Comparer assimilation et colonisation est hautement problématique

«La violence des pensionnats et la mort de ceux et celles qui y étaient envoyés ne peuvent s’expliquer par la volonté de
Photo: Bibliothèque et Archives Canada ( PA-048574) «La violence des pensionnats et la mort de ceux et celles qui y étaient envoyés ne peuvent s’expliquer par la volonté de "seulement" civiliser ou assimiler les Autochtones, mais bien par celle de les faire disparaître», écrit l'autrice.

Le 21 juin, journée de la célébration de l’histoire des peuples autochtones, j’ai reçu une claque au visage pour le déjeuner. Pas que je ne sois pas habituée, seulement je croyais que le mois de juin était un moment de répit, de fierté et l’occasion de célébrer les différentes nations autochtones du Québec et du Canada.

Malheureusement, Christian Rioux a décidé il y a trois jours d’écrire dans Le Devoir un texte appelé « L’assimilation », dans lequel il fait une comparaison douteuse entre le système des pensionnats et ses mesures assimilatrices sur les enfants autochtones, avec l’Université Concordia et l’assimilation des Québécois et Québécoises. L’auteur tente de rendre sa comparaison moins grotesque, en expliquant le but des pensionnats ainsi : « Dès le rapport Darling (1828), les pensionnats sont promus dans le but de sédentariser, de “civiliser” et d’assimiler les Autochtones qui sont alors encore semi-nomades. »

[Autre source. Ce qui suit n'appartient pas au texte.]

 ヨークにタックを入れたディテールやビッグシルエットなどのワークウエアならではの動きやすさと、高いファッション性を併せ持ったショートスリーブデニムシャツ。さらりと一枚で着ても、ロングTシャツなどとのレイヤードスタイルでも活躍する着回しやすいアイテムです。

L’objectif de ces pensionnats a toujours été de « tuer l’Indien dans l’enfant » (FADG, Fondation autochtone de guérison). La violence des pensionnats et la mort de ceux et celles qui y étaient envoyés ne peuvent s’expliquer par la volonté de « seulement » civiliser ou assimiler les Autochtones, mais bien par celle de les faire disparaître. L’Université Concordia n’a jamais voulu faire disparaître les Canadiens français qui s’y sont inscrits, rappelons-le, de manière volontaire (contrairement au pensionnat). On ne leur dit pas qu’ils iront en enfer s’ils parlent français, et ils ne subissent pas de punitions corporelles s’ils parlent leur langue sur le campus… Il y a même un département d’études françaises et des cours de français à Concordia, et certains programmes de cycles supérieurs exigent que tous leurs étudiants et étudiantes passent un examen de français, s’assurant ainsi que même les étudiants internationaux acquièrent un minimum de connaissance de la langue française (concordia.ca). Aucun pensionnat ne permettait de parler sa langue ou de pratiquer sa culture, encore moins de l’étudier.

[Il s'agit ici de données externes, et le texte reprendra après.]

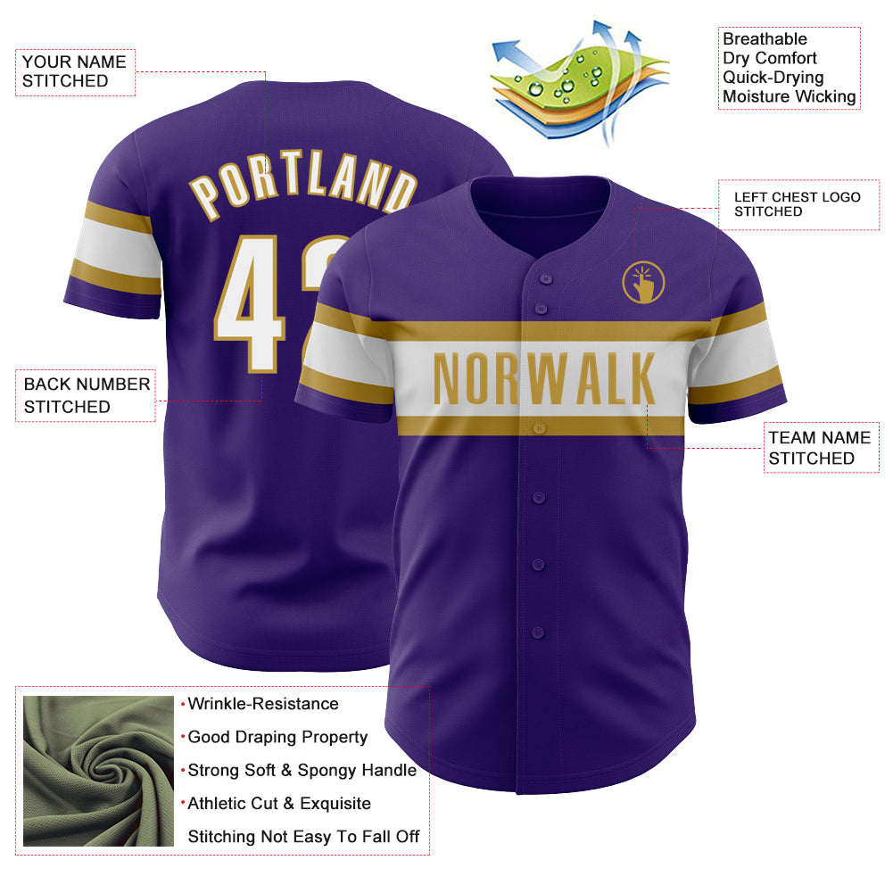 Custom Purple White-Old Gold Authentic Baseball Jersey

Rioux rapporte ensuite le vieux discours impliquant que les pensionnats au Québec étaient moins nombreux que dans le reste du Canada : « Est-ce un hasard si ces pensionnats furent si peu nombreux au Québec où, à deux exceptions, ils n’apparurent que dans les années 1950 ? »

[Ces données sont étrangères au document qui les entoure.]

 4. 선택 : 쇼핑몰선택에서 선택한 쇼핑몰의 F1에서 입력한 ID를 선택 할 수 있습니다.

C’est toujours un argument facile que de dire qu’on est moins mauvais que les autres. Par contre, M. Rioux ne mentionne pas le fait que le Nouveau-Brunswick et l’Île-du-Prince-Édouard n’ont jamais disposé de telles institutions, les gouvernements de l’époque considérant les Autochtones comme suffisamment « assimilés » à la culture eurocanadienne (Encyclopédie canadienne). Il faut rappeler que la colonisation commence beaucoup plus tôt dans l’Est (Maritimes, Québec). Lors de la mise en place des pensionnats dont parle M. Rioux, en 1828, les Autochtones de l’Est canadien ont déjà fait face à 200 ans de colonisation, de déplacements forcés et d’assimilation — la première école missionnaire destinée à l’évangélisation des Autochtones ayant été ouverte par les Récollets en 1620 près de Québec. Malgré cela, pour achever le travail commencé des siècles auparavant, le Québec s’est quand même joint à la politique des pensionnats, en plein XXe siècle, à un moment où la province commence justement à rechercher sa propre émancipation culturelle et politique — à la veille de la Révolution tranquille. Si le Québec avait voulu résister aux politiques canadiennes des pensionnats en affirmant sa différence, il n’y aurait simplement pas participé.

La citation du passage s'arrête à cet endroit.